It goes on to rip Comey as revealing himself to be "partisan, petty and disappointingly, breathtakingly, small-minded."
"There seems to be no thought behind this book — only gossip and rather pitiable attempts at self-aggrandizement," the board writes.
MSNBC host Ari Melber flatly said Comey "still does not get it" and that through his book, even with the benefit of hindsight, he has doubled down on his biggest mistakes.
Melber lit into Comey over his defense of the handling of the Hillary Clinton email investigation, calling him "dumb" for worrying about potential partisan spin that the Justice Department was controlled by the Clinton team.
Politico media writer Jack Shafer criticized Comey's book and subsequent mammoth interview with George Stephanopoulos as having "drenched the public discourse with the stink of sanctimony," hitting him for portraying himself as a "deacon of justice."
Like others, Shafer hits Comey for his personal hits on Trump's appearance and tan, and for spoiling his own message.
"When your 304-page book and marathon interviews produce sympathy for Donald Trump—even a dollop of sympathy—you’re doing it wrong," Shafer wrote.
Washington Post book critic Carlos Lozada reserved particularly biting criticism for Comey's treatment of former Attorney General Loretta Lynch.
In his memoir, Comey makes oblique references to unverified, classified materials that could have been used by political opponents to impeach Lynch's independence regarding the Clinton investigation.
"Of course, it is also bothersome that the former FBI director would cite vague information to imply wrongdoing by the nation’s top law-enforcement official, with the very nature of the information making it hard for her to respond," Lozada wrote. "The Washington Post has reported that in 2016 the FBI received a Russian intelligence document citing an email in which Lynch supposedly assured the Clinton campaign that the investigation would not go too deep, but that the document was unreliable."
"For Comey to suggest that the attorney general ‘appeared politically compromised' without offering supportive evidence does not seem particularly ethical.
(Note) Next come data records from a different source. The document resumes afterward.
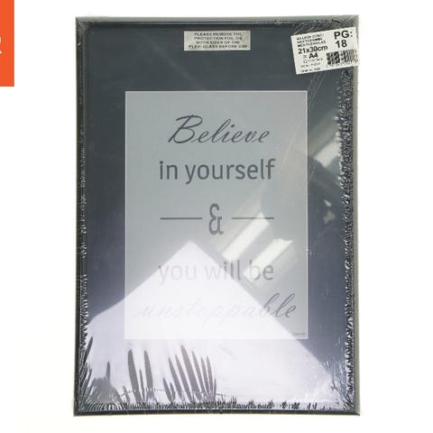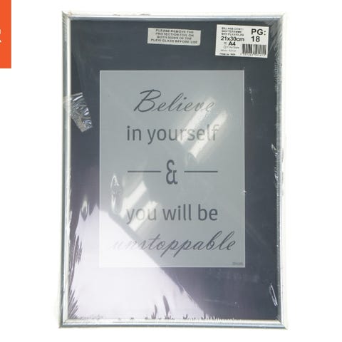 Dette er et billede med en inspirerende tekst, 'Believe in yourself & you will be unstoppable'. Billedet er indrammet og beskyttet med plexiglas. Det har en størrelse på 21x30 cm, hvilket svarer til A4. Rammen er sort og kan bruges til ophæng eller placering på enhver overflade. Passer godt til vægdekoration eller som en motiverende påmindelse på skrivebordet.
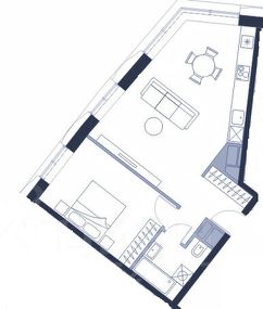 ПАНОРАМНЫЕ ОКНА. Просторная гостинная-кухня необычной формы.
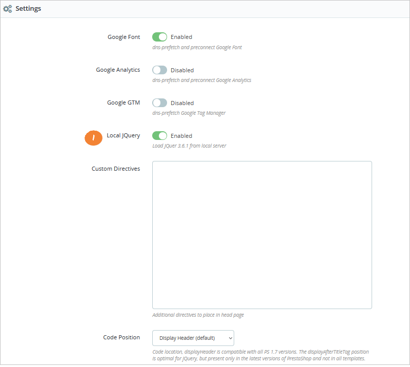 - Toggle the Local JQuery option (1) to enabled and click Save.
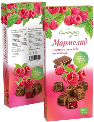 Мармелад 150 г малиновый в темном шоколаде Ягоды СЛАДАРТ.
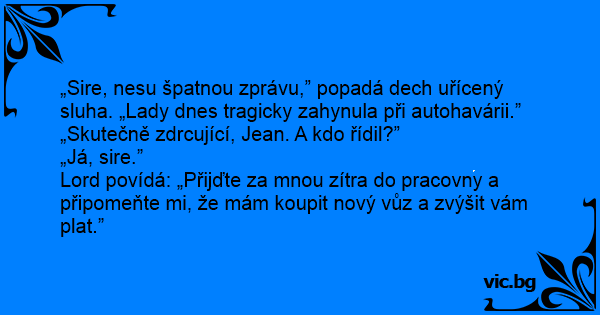 „Sire, nesu špatnou zprávu,” popadá dech uřícený sluha. „Lady dnes tragicky zahynula při autohavárii.”
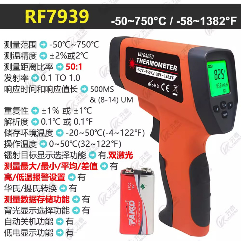 비 접촉 적외선 온도계 높은 정밀 주조 제련 산업 고온 측정 총 주방 오일 온도 총스토어 가기
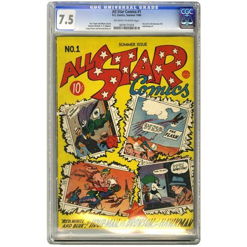<B>All Star Comics #1 (DC, 1940) CGC VF- 7.5 Off-white to white pages.</B></I> Where were all the superheroes before the formation of the Justice Society of America? Why, hanging out in the pages of this anthology title! Featuring the Flash by E. E. Hibbard, Hawkman by Shelly Moldoff, Hourman by Bernard Baily, the Sandman by Creig Flessel, the Spectre by Bernard Baily, as well as second-tier characters like Biff Bronson, Red White and Blue, and Ultra Man, this comic is packed with good stories and great characters. No wonder they decided to team up by the third issue! This comic comes in at #70 in Overstreet's 2005 list of Top Golden Age Books. Overstreet 2006 VF 8.0 value = $8,603. CGC census 3/06: 2 in 7.5, 5 higher.

And it does not seem like leadership," he concluded.
The Washington Examiner noted media observers who were unimpressed with Comey following Sunday's hour-long interview special with Stephanopoulos.
"I didn’t like that interview," CNN political analyst David Gregory said Monday. "I don’t think Jim Comey came off well at all. I think yet again he is obsessed with his standing, his media standing, his kind of political standing."
CNN commentator Ana Navarro, a fanatical critic of Trump, even joined in the Comey criticism, tweeting he was "obnoxiously self-righteous."
Maybe it's just me…the more I hear from @comey, the more conflicted I feel. I want to believe him that this is all about loyalty to country and inviolable respect for the truth. But damn, the guy has a big ego, is selectively inconsistent. I find him obnoxiously self-righteous.
— Ana Navarro (@ananavarro) April 16, 2018
The Republican Party has declared war on Comey, a former Republican himself, in the wake of the book tour, launching a website called LyinComey.com and promoting videos and clips of his critics.